Questions: Adjectives and Adverbs: How They Differ
5 questions to test your understanding
Score: 0 / 5
Question 1 Multiple Choice
A student writes: 'After the concert, the crowd felt joyously.' Is this sentence correct?
AYes — 'joyously' correctly describes the manner in which the crowd experienced the feeling
BNo — 'felt' is a linking verb describing the crowd's emotional state, so the predicate adjective 'joyous' is required, not the adverb 'joyously'
CYes — adverbs are appropriate after any verb, whether action or linking
DNo — 'joyously' should be moved before 'felt' to correct the placement
The error is using an adverb after a linking verb. 'Felt' here describes an emotional state, not a physical action. After a linking verb, the modifier describes the subject (the crowd), not the manner of an action — so an adjective is required: 'The crowd felt joyous.' The test: substitute 'seemed' — 'the crowd seemed joyous' works naturally, confirming the adjective is correct. Moving 'joyously' (Option D) doesn't fix the fundamental problem.
Question 2 Multiple Choice
In 'She works hard and sleeps well,' what grammatical function do 'hard' and 'well' perform?
AAdjectives — because neither 'hard' nor 'well' ends in the '-ly' suffix typical of adverbs
BAdverbs — both modify verbs ('works' and 'sleeps') by answering 'how?', despite lacking the '-ly' suffix
CAdjectives — because they describe qualities of the subject 'she,' not the actions themselves
D'Hard' is an adjective while 'well' is always an adverb, making this a mixed case
Both 'hard' and 'well' are adverbs here, answering 'how does she work?' and 'how does she sleep?' The '-ly' ending is a common but unreliable signal — many high-frequency adverbs lack it: fast, hard, late, early, straight, well, long. The reliable test is always to identify the word being modified. 'Hard' modifies the verb 'works'; 'well' modifies the verb 'sleeps.' Since both modify verbs, they are adverbs. Relying on '-ly' alone will mislead you.
Question 3 True / False
Words ending in '-ly' are generally adverbs — the suffix reliably identifies adverbs and distinguishes them from adjectives.
TTrue
FFalse
Answer: False
'-ly' is a useful but unreliable signal. Many common adjectives end in '-ly': friendly, lively, lovely, elderly, lonely, cowardly, scholarly. These describe qualities of nouns, not manner of actions. Conversely, many common adverbs lack '-ly' entirely: fast, hard, late, well. The only reliable method is to identify the word being modified: if it modifies a noun or pronoun, it's an adjective; if it modifies a verb, adjective, or other adverb, it's an adverb.
Question 4 True / False
After a linking verb like 'seem,' 'appear,' or 'taste,' a predicate adjective is the grammatically correct choice, because the adjective describes the subject's state rather than the manner of an action.
TTrue
FFalse
Answer: True
Linking verbs connect the subject to a description of its state. 'The soup tastes good' means the soup is good — 'good' describes the soup, not how tasting is performed. 'The soup tastes well' would imply the soup has functioning taste buds. The test: substitute 'is' or 'seems' — 'The soup is good' works, confirming the predicate adjective. This linking-verb rule is the most important exception to the intuition that 'verbs take adverbs.'
Question 5 Short Answer
Explain why 'The answer seems correctly' is grammatically incorrect. What test determines whether to use an adjective or adverb after a verb like 'seems'?

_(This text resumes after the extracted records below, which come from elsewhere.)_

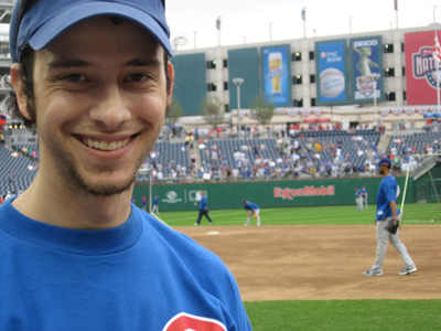 On Friday I left my house around 4pm to head out to Fin MacCool's for the Cubs pre-game bar party (barty). Despite being entrenched in the ghetto, Barracks's Row was pretty nice and the bar itself was safe and filled with 9-5'ers and a few coupled-off Cubs fans. I found a corner spot in the bar and I talked with the guy next to me for an hour about our iPhone case being the same; riveting, I know. I finally walked myself through Ghetto Lite to the stadium where I struck up a conversation with a Mennonite pastor (wear Cubbie blue of course) and offered Jamie's unused ticket to the game. With my six-hour friend in tow, we headed up approximately thirty miles of spiraling concrete to our seats. Everyone was glowing about how nice Nationals Stadium was but I was wholly underwhelmed. It's no Wrigley--it's not even a Miller Park. I'm sure the view is great if you're one of maybe 1,000 seats but if you're anywhere else your views are pretty lousy. Anyway, we met up with two of Jamie's school friends, Meghan and Sam, and naturally they were rooting for the Cubs. They were both pretty cool and although I felt really old when I knew who Jody Davis was, it was fun just hanging out with the three of them and talking baseball for a few hours. Meghan was kind enough to take this first picture--of me and Marmol. I of course had my custom Marmol t-shirt-jersey on and received a lot of "cool"'s and a few "dork"'s with it. After the Cubs had been thoroughly beaten, we blobbed our way to the Subway with 40,000 other people and metro'd home. Unfortunately, I have to take a bus from the metro to my house and (unbeknownst to me) the buses had already stopped running for the evening. After 20 minutes or so I struck up a conversation with a grad student at AU and we decided that since we only lived a few blocks away from each other we'd just walk. It took a while to get back but we made it safely back to her place across from the National Cathedral and I kept going to see poor Chomp, who had been her crate for a good eight hours.
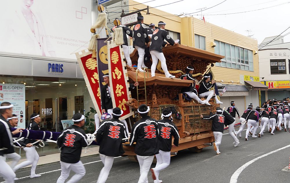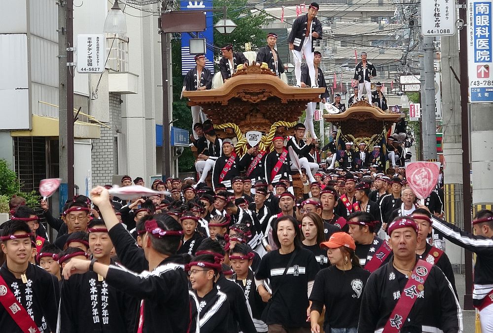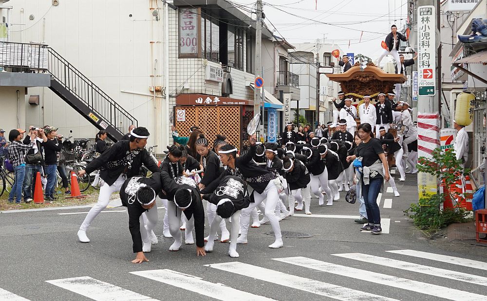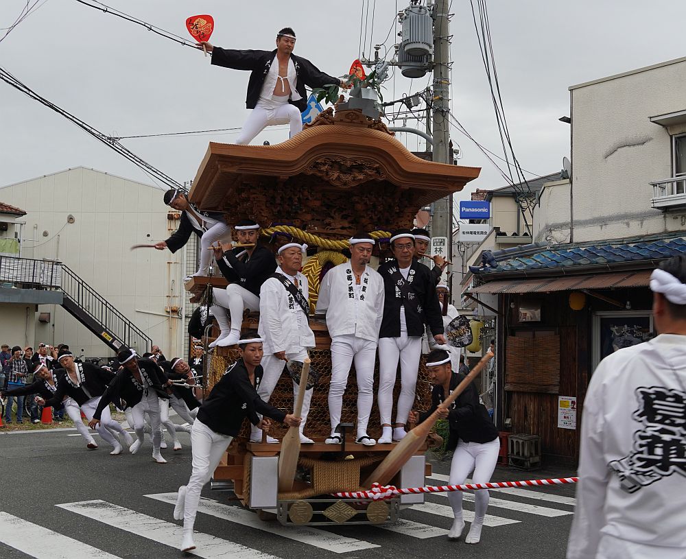 では、和泉市の信太地区連合曳き画像その1:北信太駅前1をご覧下さい。
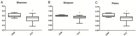 Differences in bacterial community diversity in the cecum of hens between CON and CLC group. The diversity indices of (A) Shannon, (B) Simpson and (C) Pielou are shown. CON: control group with basal diet; CLC: CLC group with high-cholesterol and low-choline diet. * p ≤ 0.05. Data presented as mean ± S.D. (n = 10).
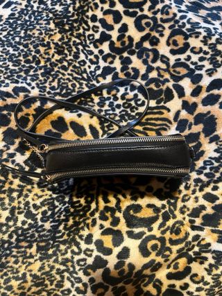 Bolso bandolera con un diseño estampado. Tono sepia y negro. - Cierre con hebilla. - Ribete en contraste. - 3 apartados uno de ellos con 2 bolsillos grandes. - correa ajustable. - Amplio y ligero. - 28 cm largo x 17 cm alto x 10 cm fondo - Muy poco uso.
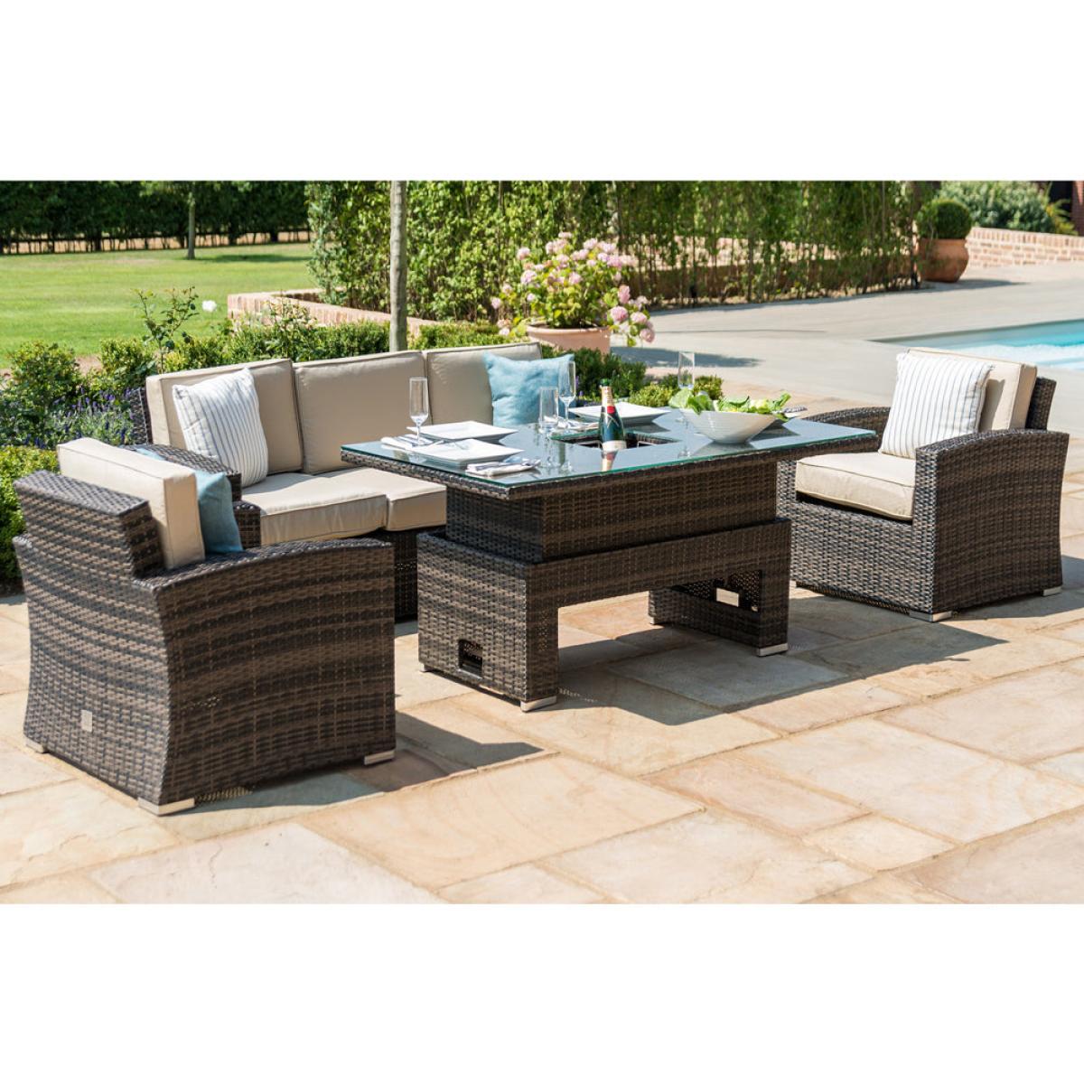 I really like this rising table with ice bucket because it offers versatility for both casual outdoor dining and more formal gatherings. Its rattan-style finish and neutral brown colour make it an easy fit in contemporary or rustic garden settings, especially when paired with neutral or earthy tones. The rise feature is practical for serving, allowing you to switch from a relaxed lounge height to dining height effortlessly. Styling tip: complement it with mix-and-match cushions and simple tableware for a laid-back look, or dress it up with lanterns and contemporary accessories for an evening event. It works well in both large garden spaces and smaller patios, adding functionality without compromising on style.
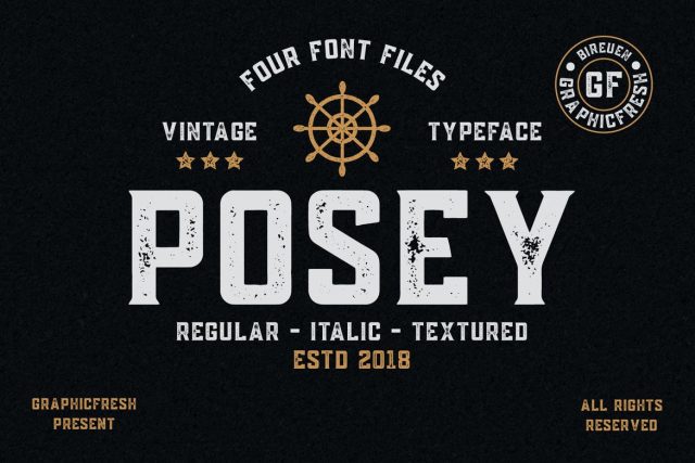 Posey is a vintage display family including Regular and Textured versions as well as Italic versions of each. it’s perfect for logos, name card, magazine layouts, invitations, headers, or even large-scale artwork. Posey includes 4 OTF & TTF files within the Zip folder.
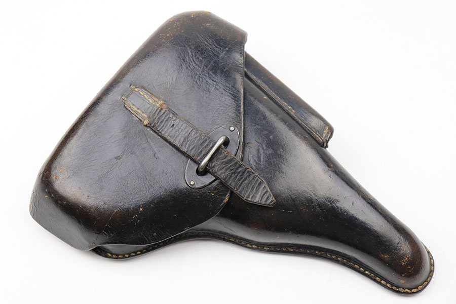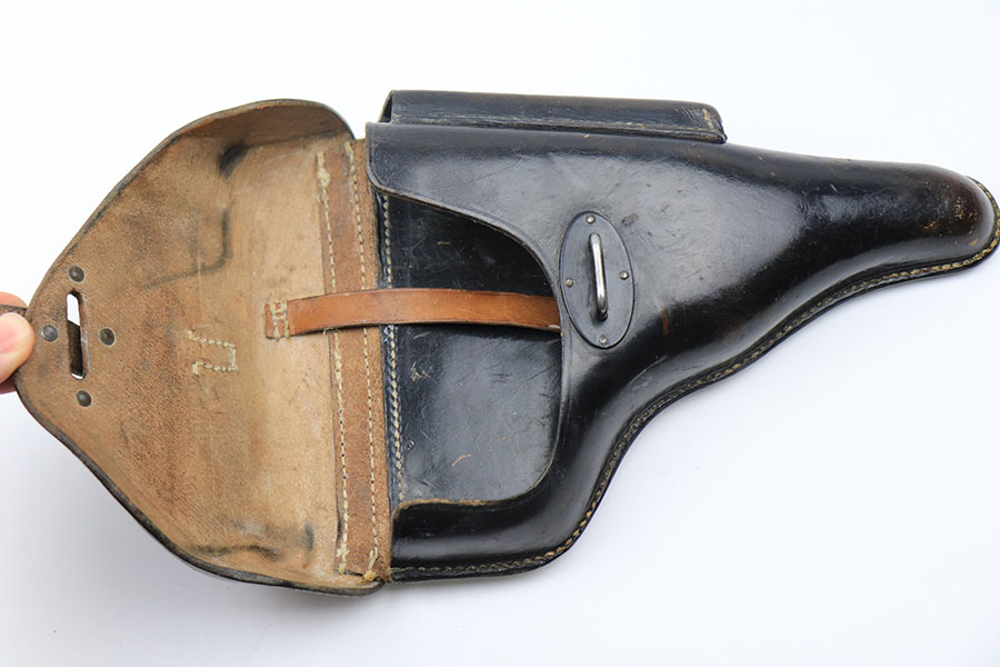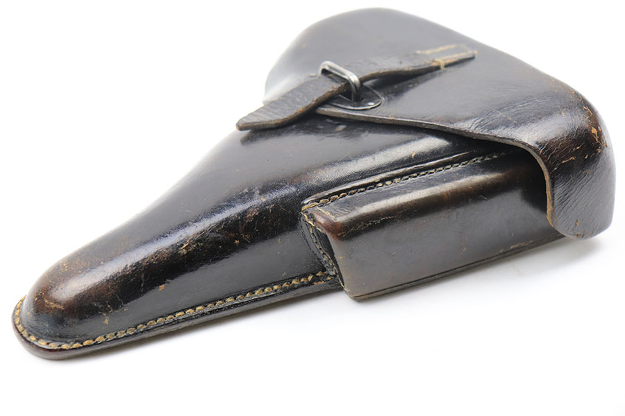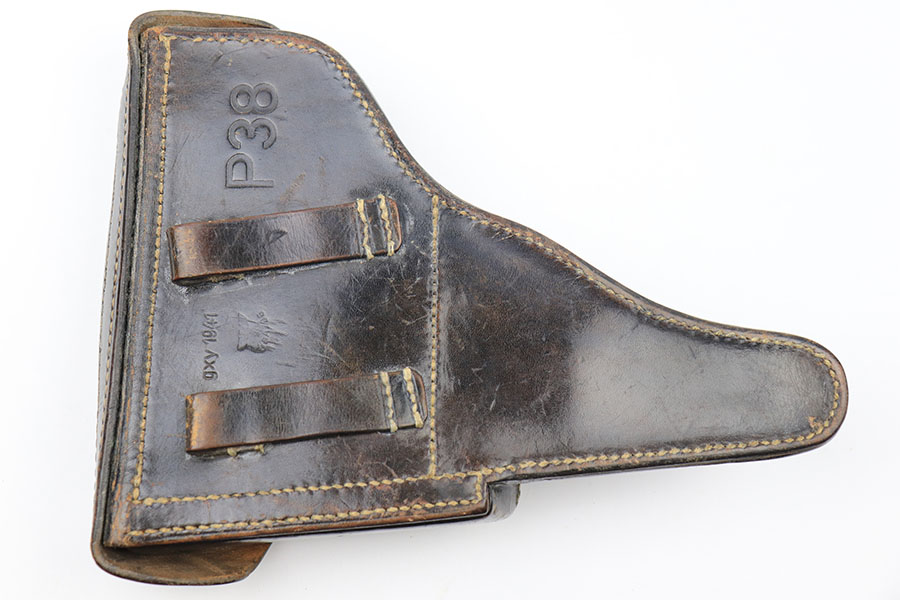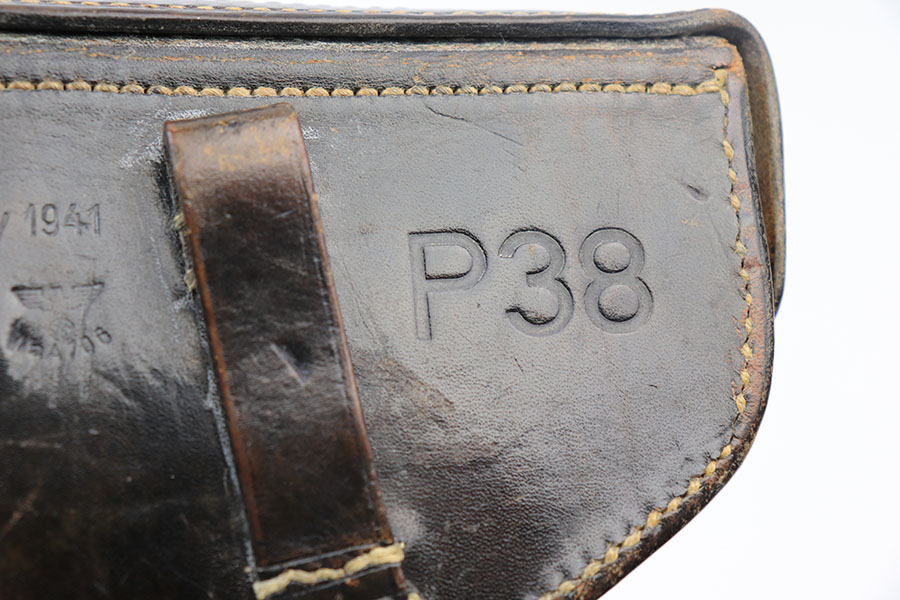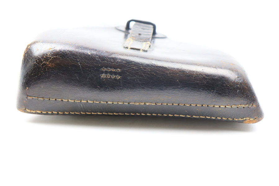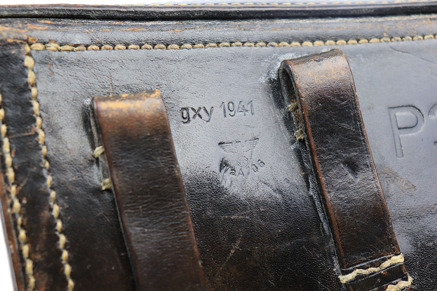 5/6/21 – This is an original, early production 1941 dated P.38 holster. The ’41 dated holsters are harder to find than most, and this example is in great overall condition. The leather is firm with some mild surface wear and wrinkling on the closure strap. Clean interior leather. Excellent all original stitching intact. The back leather is dated, waffen proofed, and maker stamped.
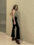 EVRIS毎回人気のフレアデニムを使ったコーデ♡ パッと見かっこいい印象の中に、TOPSでレディライクなアイテムをチョイスし、スッキリまとめました♪このデニム、膝上までピタッとした綺麗なシルエットですごく脚長効果があるんです♡ピタッと履けるのに伸縮性があって抜群に動きやすい☑︎150cmのスタッフもスニーカー合わせで履いていたので小柄さんにもオススメデニムです♡私はSサイズ着用ですが、162cmで丈感ギリギリが良ければMサイズでもいいかもしれないです☑︎このハイウエストのデニムには、ショート丈のEMODAのTOPSでスタイルアップを♪ウエストにシャーリングが施されてあり、ウエストが更に細見えします♡タンクトップっぽいシルエットでも、肩のバンドを下げてオフショルでも2WAY仕様なので、その日の気分に合わせて雰囲気を変えられます♪女性らしくきたい日はオフショル着用がオススメです♡夏場も着やすいサラッとした着心地なので、これからの時期大活躍間違いなしです♪クリアベルトや、メッシュ編みのサンダルで夏っぽさをプラスすると重くなりすぎず、季節感も出るのでこちらもオススメです♡サンダルは高低差もない厚底なのですごく楽ちん+足がきれいに見えますよ♪コルクは夏のサンダルで1足は必ず持っておきたいアイテムですよね!コルクなのでいろんなカラーのお洋服に合わせやすいです♪
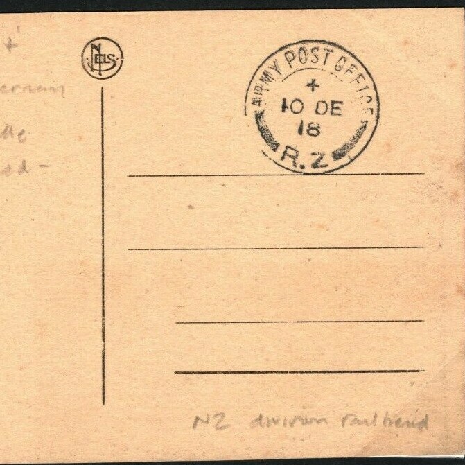 NEW ZEALAND Card Post-WW1 SUPERB STRIKE *APO/RZ* Division Railhead First Day in GERMANY 1918 38c.13
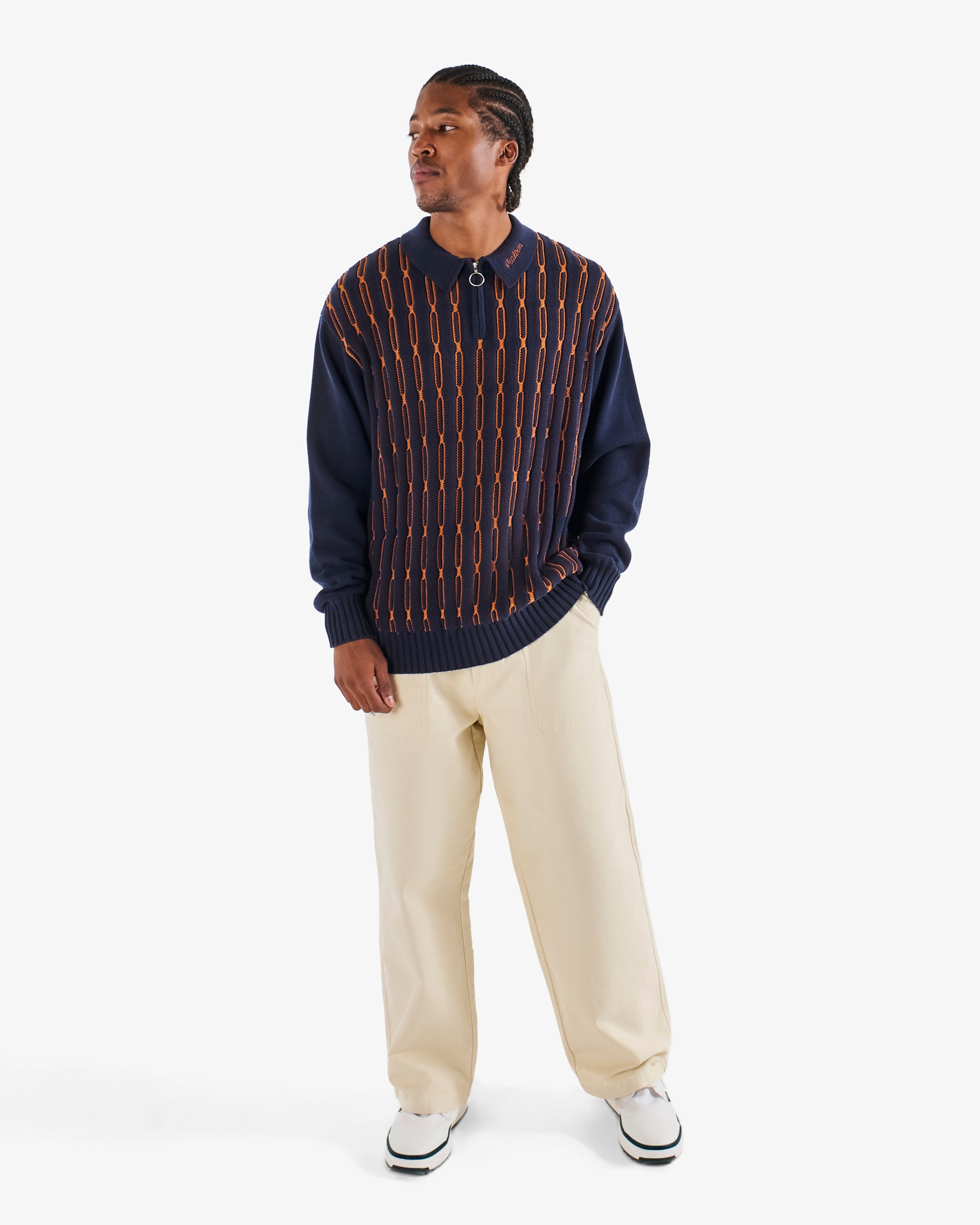 Crafted entirely from cotton. our Links Polo Sweater features a quarter-zip. ribbed trim. and a repeating intarsia links pattern. Its clean design. paired with extra visual interest. make this piece a definite standout from FW25.
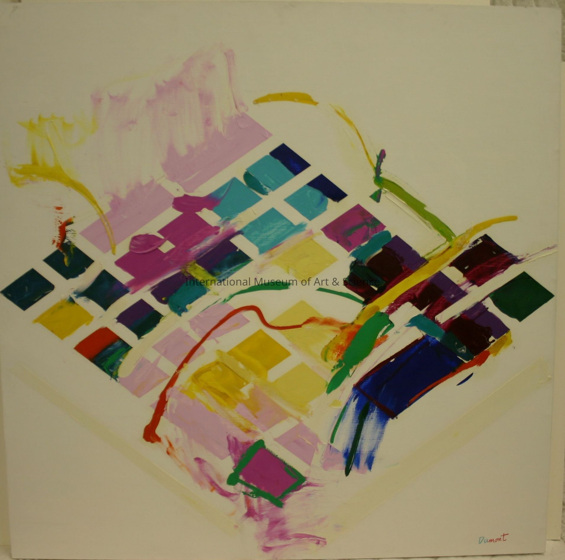 "Diamond Fugue #4" Multicolored diamond shapes on white background.Artwork Details

Think about your answer, then reveal below.
Model answer: 'Seems' is a linking verb that describes a state, not an action. It connects the subject ('the answer') to a description of that subject. The required modifier is a predicate adjective ('correct'), not an adverb ('correctly'). The test: substitute 'is' — 'The answer is correct' works naturally; 'The answer is correctly' is clearly wrong. Whenever 'is' or 'seems' can replace the verb without changing the meaning, the modifier after it must be an adjective.
The deeper principle is that adverbs describe *how actions are performed*, while adjectives describe *what subjects are like*. Linking verbs don't describe actions — they describe states. So the modifier after them answers 'what is the subject like?' not 'how did it do something?' Always identify: (1) is this a linking verb? (2) does the modifier describe the subject's state, or the manner of an action?